I'm looking into moving data from and OLTP to an OLAP to help speed up analytics. I've been researching my current question for 2 days now and have not found a definitive answer anywhere. Currently I have a highly normalized relational schema and I'm having trouble figuring out how to retain hierarchical data when converting the into the fact tables and dimension tables of a star schema. Is there a way to make fact tables completely granular and normalized while maintaining the values of the parent and child tables taken from a relational schema? I'm not sure if I asked that correctly, so here is an example: I'm recording data from fishing trips. I have to record data from the trip and the catch so I store that data into two main tables (below in simplified versions):
Trip(tripid, date, gear quantity, hours fished, participants)

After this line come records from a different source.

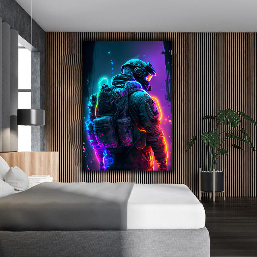 Transform your space with the "Dystopian Hunter" wall art, a mesmerizing piece that merges futuristic themes with artistic expression. This eye-catching canvas art piece is perfect for those seeking to add a unique touch to their wall decor. The intricate design features a bold, dystopian theme that stands out, making it an ideal choice for modern wall art enthusiasts. Whether you're revamping your home or adding a distinctive element to your office, this wall painting offers both style and sophistication. Elevate your wall decoration with this stunning art design, crafted to make a statement in any setting.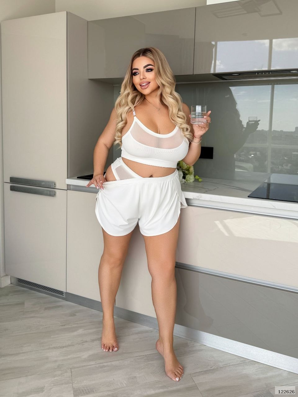 Топ +шорти+стрінги. Топ зі вставками сітки, під грудьми щільна гумка. Шорти, вільні з розрізами з боків, на поясі гумка, Стрінги Бразилії на щільній гумці, зі вставками сітки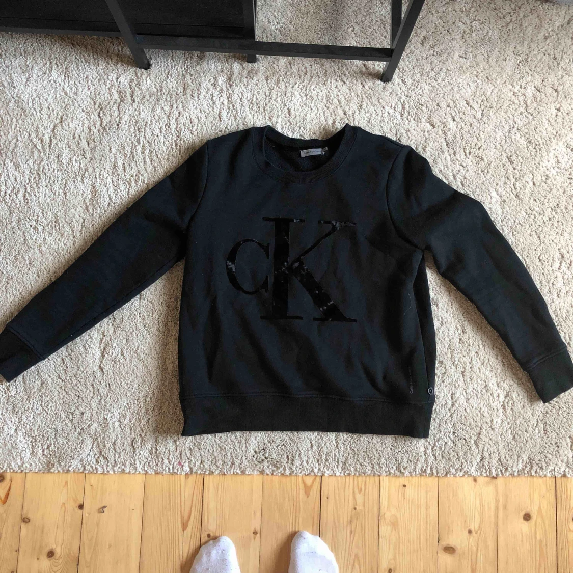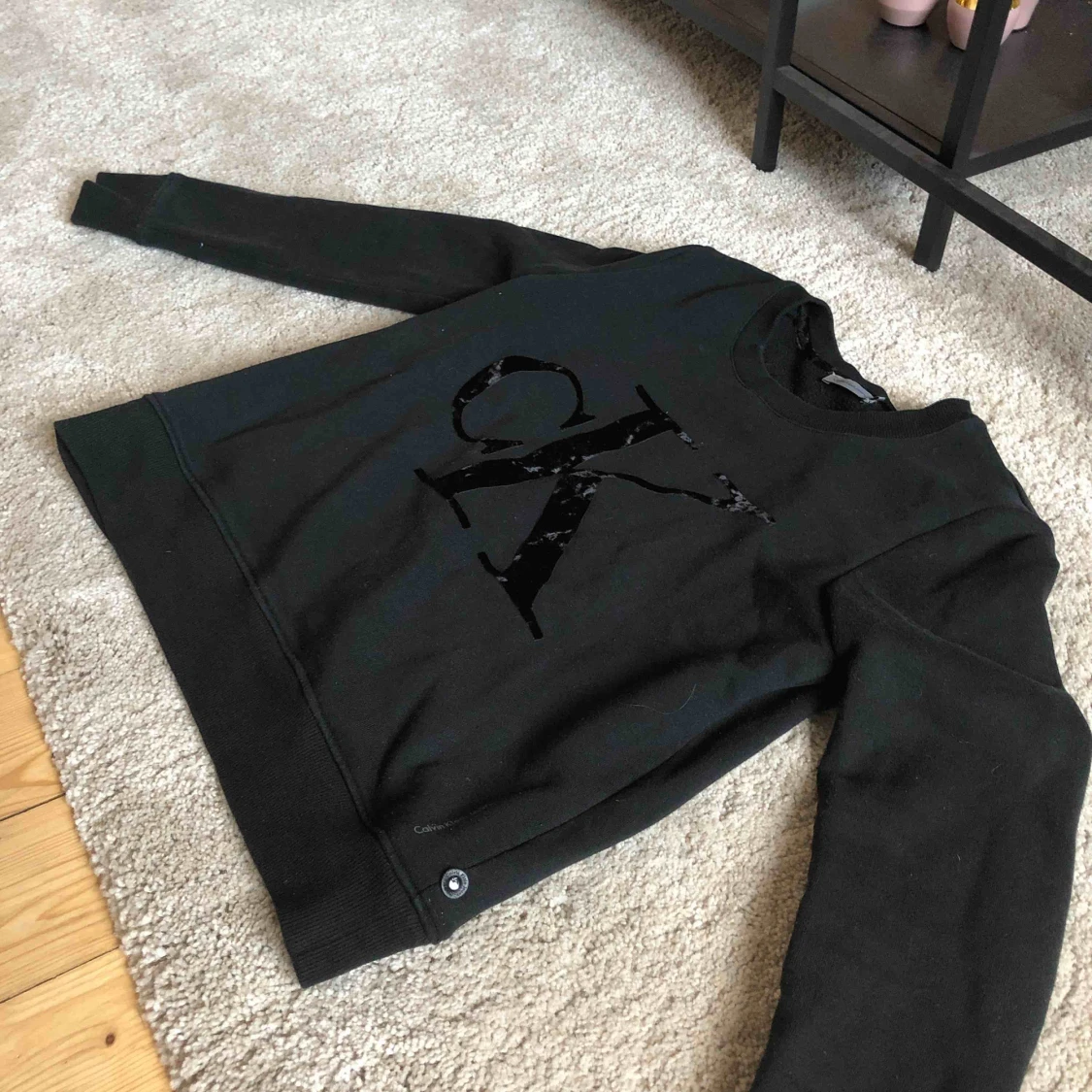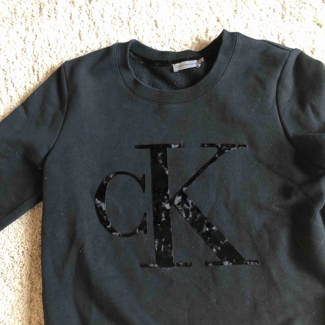 Sweatshirt från Calvin Klein Jeans. Väldigt skön och i gott skick. Ett tryck på framsidan i lite velvetliknande material som skimrar lite snyggt!

Catch(tripid, species, disposition, count)
How would I create a fact table with this and retain the gear quantity, hours fished, participants, and species counts all while keeping the fact table normalized? The only way I can think of making the fact table would be the following:
Fact(date, species, disposition, gear quantity, hours fished, participants, count)
With the date, species, and disposition being FKs to the dimension tables, and the rest of the columns being quantifiable values. However, this would be completely denormalized. Is this an appropriate way of doing this, or is there another way to keep the relation between the parent and child tables with quantifiable values and have this in a star schema?